President Donald Trump's Economic Report recommended a range of policies meant to add workers, assuring that the combination of policy changes and complementary conditions can attract 1.7 million more workers and propel growth by one-tenth percentage point yearly over the next decade.
However, the report eliminated immigration from the equation since the president's immigration initiative will generate a decrease in labor supply and the economy's long-term growth possibilities.
CNBC reported that the recent years have seen the decrease in the US labor force participation with demography as one of the reasons for the decline.The past decade saw the members of the baby boom generation hit the age of 62, the age where workers can retire and accept Social Security benefits.
Displacement via technology and foreign trade and the influx of reliance on disability payments by people with health concerns were the other factors that economists credited for the said labor force participation decline.
The report mentioned that policies which are geared towards increasing the labor force participation rate will yield an impact on long-run economic progress.At present, however, immigration was credited as the biggest source of increased labor supply.

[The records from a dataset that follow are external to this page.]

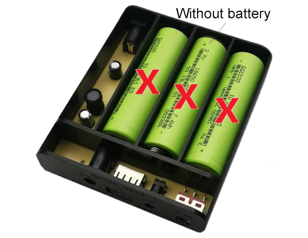 ДБЖ працює від 3 технічних акумуляторів 18650. Пам'ятайте, що акумулятори мають бути однакові за характеристиками та з струмовіддачею не менш ніж 6 А без падіння напруги. Будьте готові, що б/у акумулятори у зношеному стані не віддадуть усю ємність. Рекомендується використовувати нові акумулятори.
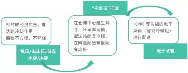 目前國內(nèi)有三種冷鏈配送方式,占比最大的是第一種。相比國外的冷鏈配送,中國冷鏈配送還不夠完善,也非真正的全程冷鏈,容易造成生鮮的損耗高的問題,用戶體驗(yàn)差,冷鏈配送未來擁有較大完善空間。
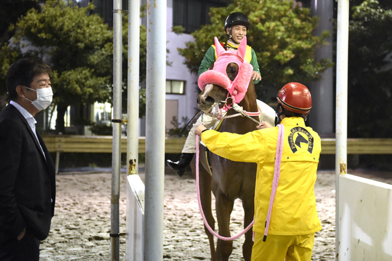 いくら短距離が得意とは言え、900メートルは独特なのでどうだろうと思って見ていましたが、何も心配することはなかったですね。思っていた以上の強さでした。次の習志野きらっとスプリントの条件(船橋1000メートル)の方が走りやすいと思います。短距離戦はこの馬と夢を持ってやっていきたいですね。
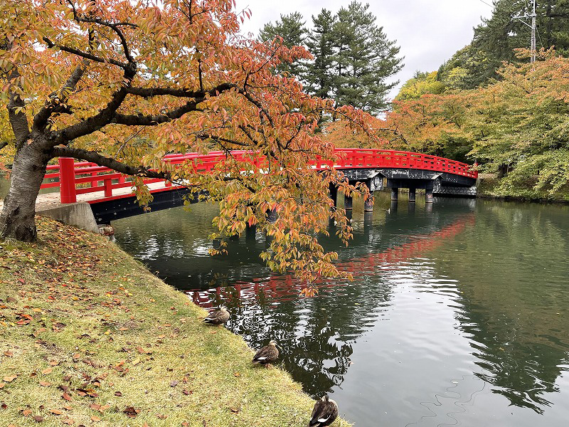 弘前藩津軽氏の居城「弘前城」を整備した桜の名所で知られる「弘前公園」。「弘前城」の正門「追手門」。(2021.10)
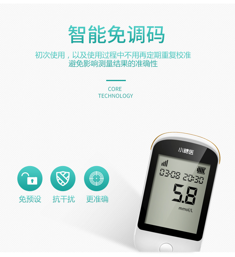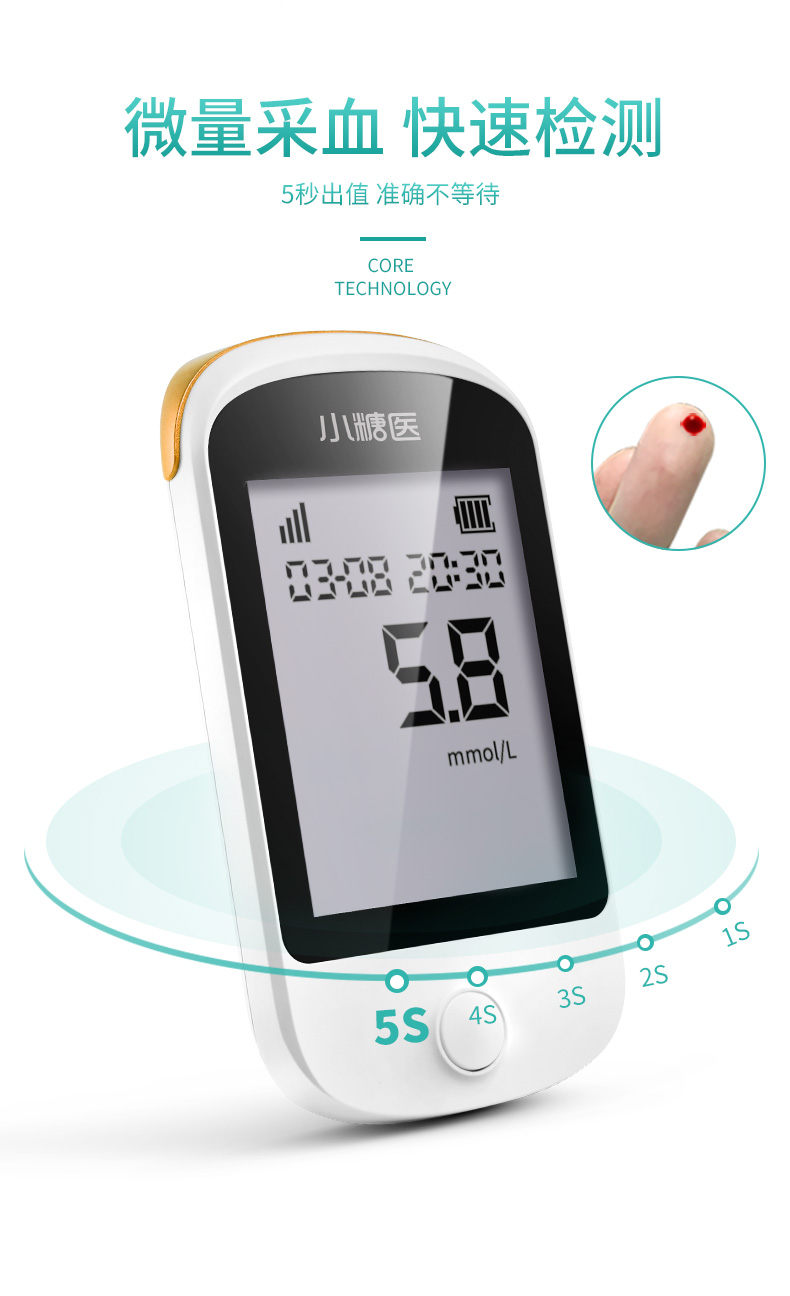使用德国进口免调码四碳电极技术,抗干扰能力强,测量结果精准稳定。采用新型测量芯片,快速分析血液样本,只需5秒,即可准确出值
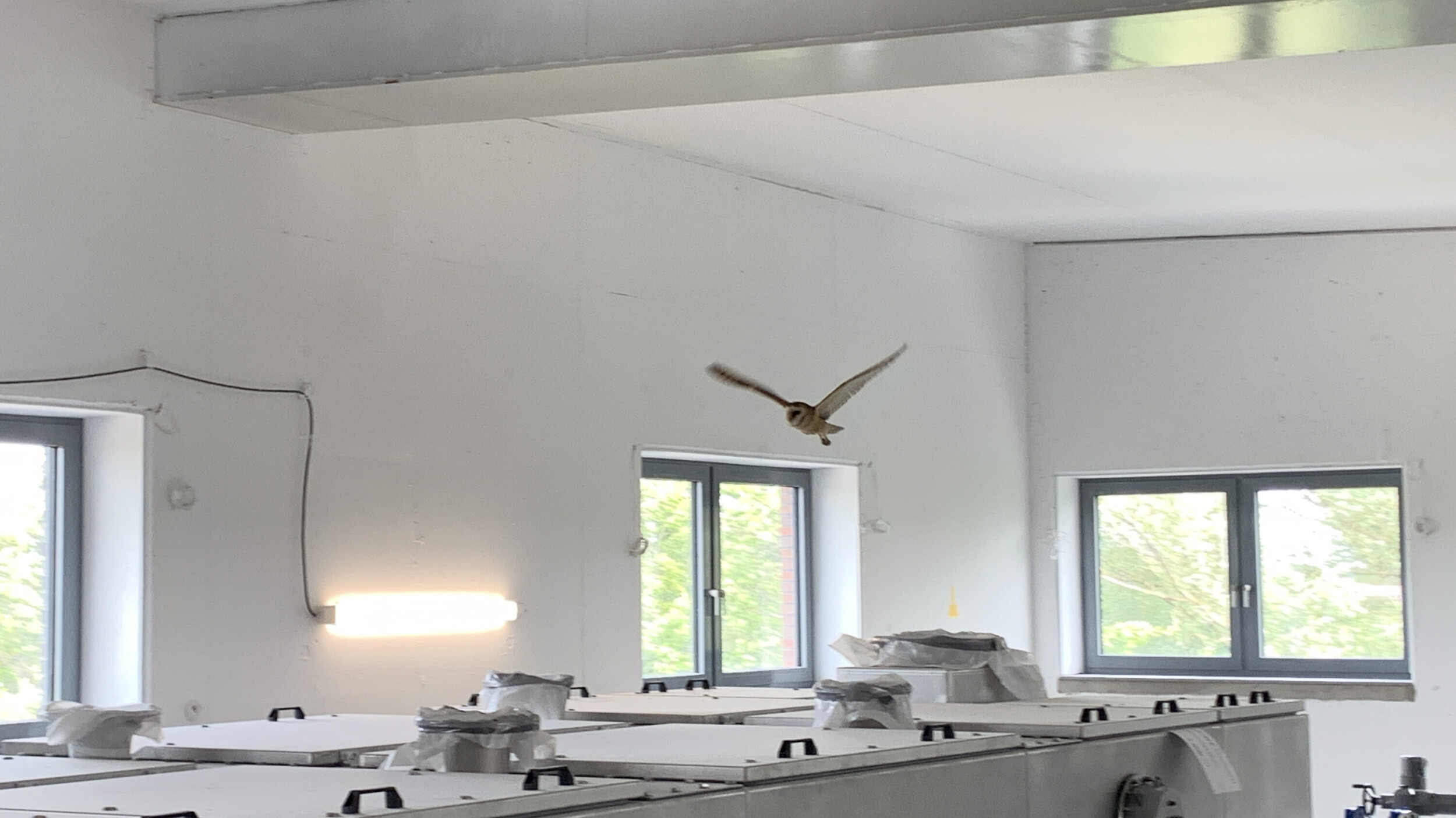 In Marienhafe entsteht derzeit ein neues Wasserwerk des Oldenburgisch-Ostfriesischen Wasserverbands (OOWV). Über den Baufortschritt wollte sich offenbar in dieser Woche eine Schleiereule informieren. Bei der Baubegehung wurde sie von den Kolleginnen und Kollegen vor Ort aufgeschreckt. Schon im Oktober 2023 hatte ein Kauz auf der Baustelle vorbeigeschaut. Die Kolleginnen und Kollegen von Stadt.Land.Grün wollen nun schauen, welche Nisthilfen in Marienhafe aufgestellt werden können. Im gesamten Verbandsgebiet des OOWV gibt es rund 1400 Nisthilfen für Vögel und Fledermäuse.
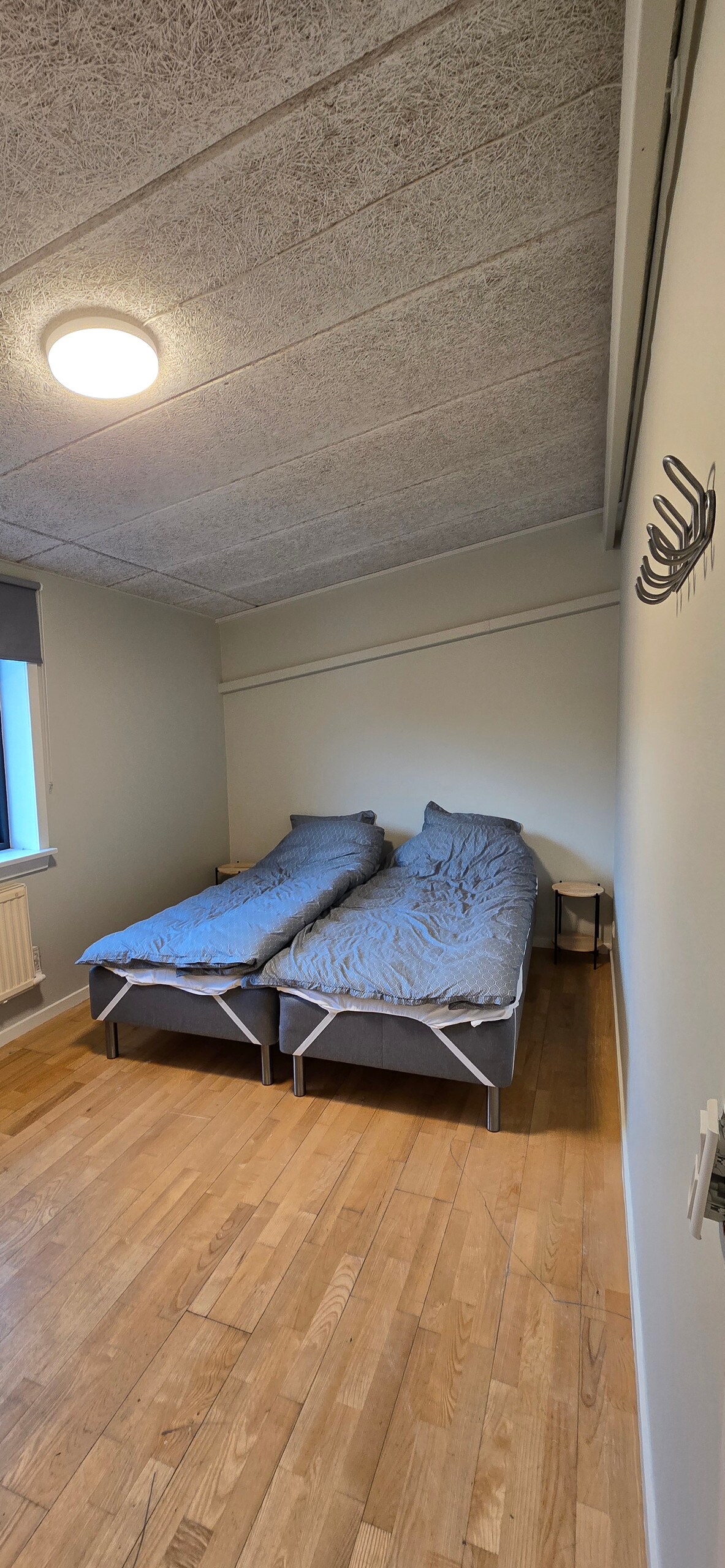 Centralt beliggende med tre værelser, hvoraf to har dobbeltseng. INGEN fælles stue med sofa, men alle værelser er udstyret med tv. Kitchenette med microovn, miniovn, el-kedel, varmeplader, bord og stole, køleskab, fryser, vaske- og opvaskemaskine. Ikke egnet til stor madlavning, men rigelig godt til at opvarme mad. Eget badeværelse med brus. Bord/bænk udendørs på terrasse. Prisen inkluderer Grønlands lovpligtige overnatningsafgift på DKK 30 per person per nat gældende fra 1 januar 2026.
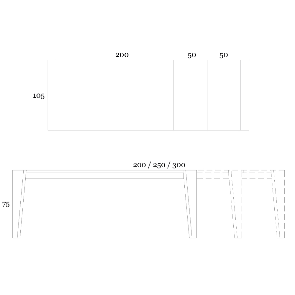 gjatësia: 200/250/300 cm x thellësia: 105 cm x lartësia: 75 cm - 2 zgjatime
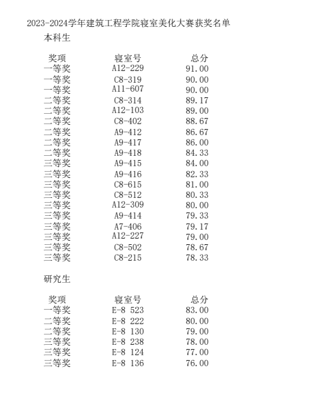 本次活动主要围绕着寝室卫生和寝室美化展开,要求展现宿舍文化风采及同学们和谐的相处氛围。经过评委细致评分,获奖结果如下:
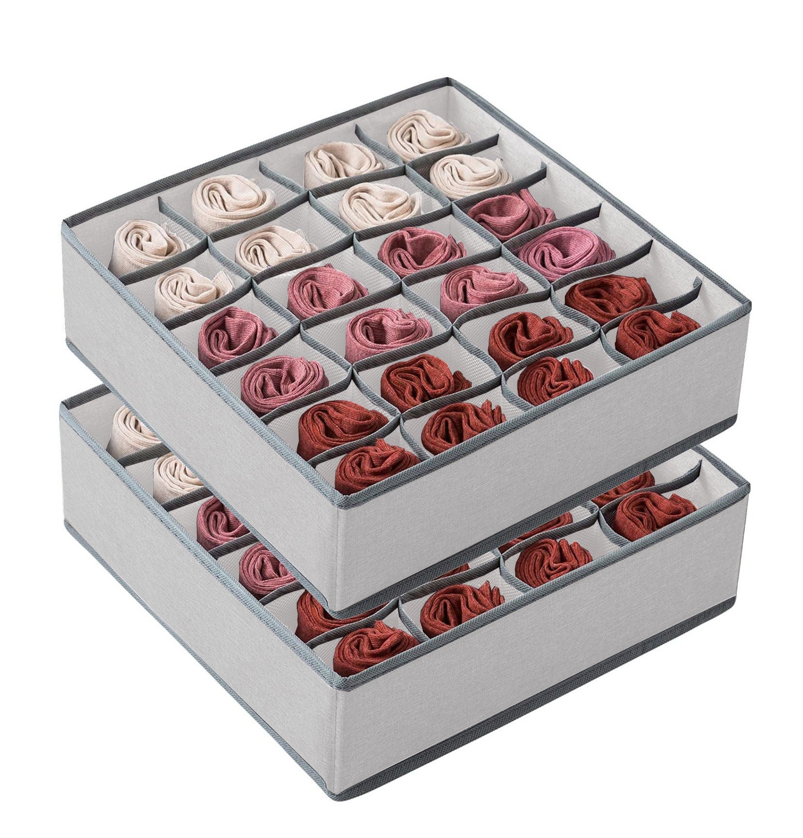 Set of 2 Fabric Drawer Organizer Divider Storage Boxes for Storing Socks, Underwear, Ties, Scarves (Grey)

The National Academy of Science once estimated that immigrant workers were the catalysts behind the $2 trillion of America's $18 trillion economy, while Pew Research Center believed that the mix of new and old immigrants will generate the growth in the working-age population.
Former Council of Economic Advisers chairman Jason Furman cautioned that decreasing legal immigration in half will decrease economic progress by more than the recent tax cuts will increase, but present chairman Kevin Hassett refuted that increasing the proportion of higher-skilled immigrants will negate the economic efforts made by decreasing the number of additional immigrants.